Dopo la lista dei partecipanti al torneo maschile, sono stati rilasciati anche i nomi delle tenniste che dal 9 al 16 maggio si contenderanno il titolo agli Internazionali di Roma. Nel WTA 1000 della capitale finora non si registrano defezioni ed infatti sono presenti tutte le tenniste di vertice, a partire dalla n. 1 del mondo Ashleigh Barty che su questa superficie ha vinto il suo titolo più prestigioso (Roland Garros 2019). Poco dietro in classifica troviamo Naomi Osaka, ancora in fase di apprendimento sulla terra rossa per sua stessa ammissione mentre come testa di serie n. 3 momentaneamente c’è Simona Halep, una che certamente potrebbe darne eccome di lezioni alla giapponese sul rosso.

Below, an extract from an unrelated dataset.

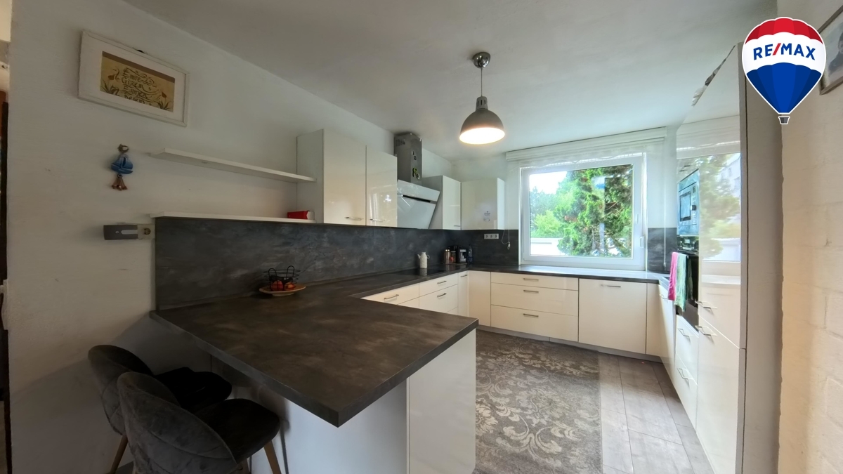 Die angrenzende Küche ist nicht nur funktional, sondern auch stilvoll eingerichtet. Sie bietet viel Arbeitsfläche und Stauraum und ist mit einer modernen Einbauküche ausgestattet, die im Kaufpreis enthalten ist.

La campionessa in carica precede di circa 1000 punti la statunitense Sofia Kenin, la quale a sua volta precede di una manciata di punti Elina Svitolina, quest’ultima vincitrice a Roma nel biennio 17-18; un altro nome di grande spicco presente nell’entry list è ovviamente quello di Serena Williams, vincitrice a Roma per quattro volte. Se nel tabellone maschile il tennis italiano è degnamente rappresentato con quattro giocatori, purtroppo quello femminile bilancia questa cifra con la totale assenza di tenniste azzurre. Se si vorrà tifare per Giorgi, Paolini, Errani e via dicendo si dovrà ricorrere alle qualificazioni o più probabilmente alle wild card.

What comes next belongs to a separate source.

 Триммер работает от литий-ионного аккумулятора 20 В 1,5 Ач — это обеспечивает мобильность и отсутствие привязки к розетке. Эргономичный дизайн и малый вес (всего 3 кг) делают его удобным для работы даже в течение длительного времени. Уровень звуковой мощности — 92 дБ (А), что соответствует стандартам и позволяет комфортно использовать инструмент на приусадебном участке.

Ancora non è stato comunicato nulla di ufficiale per quanto riguarda la presenza o meno del pubblico. Il presidente della FIT Binaghi ha dichiarato un paio di settimane fa che è possibile riproporre la soluzione dei 1000 spettatori al giorno vista a settembre, ma anche organizzare un piano che prenda in considerazione la parte di popolazione già immune al Covid-19.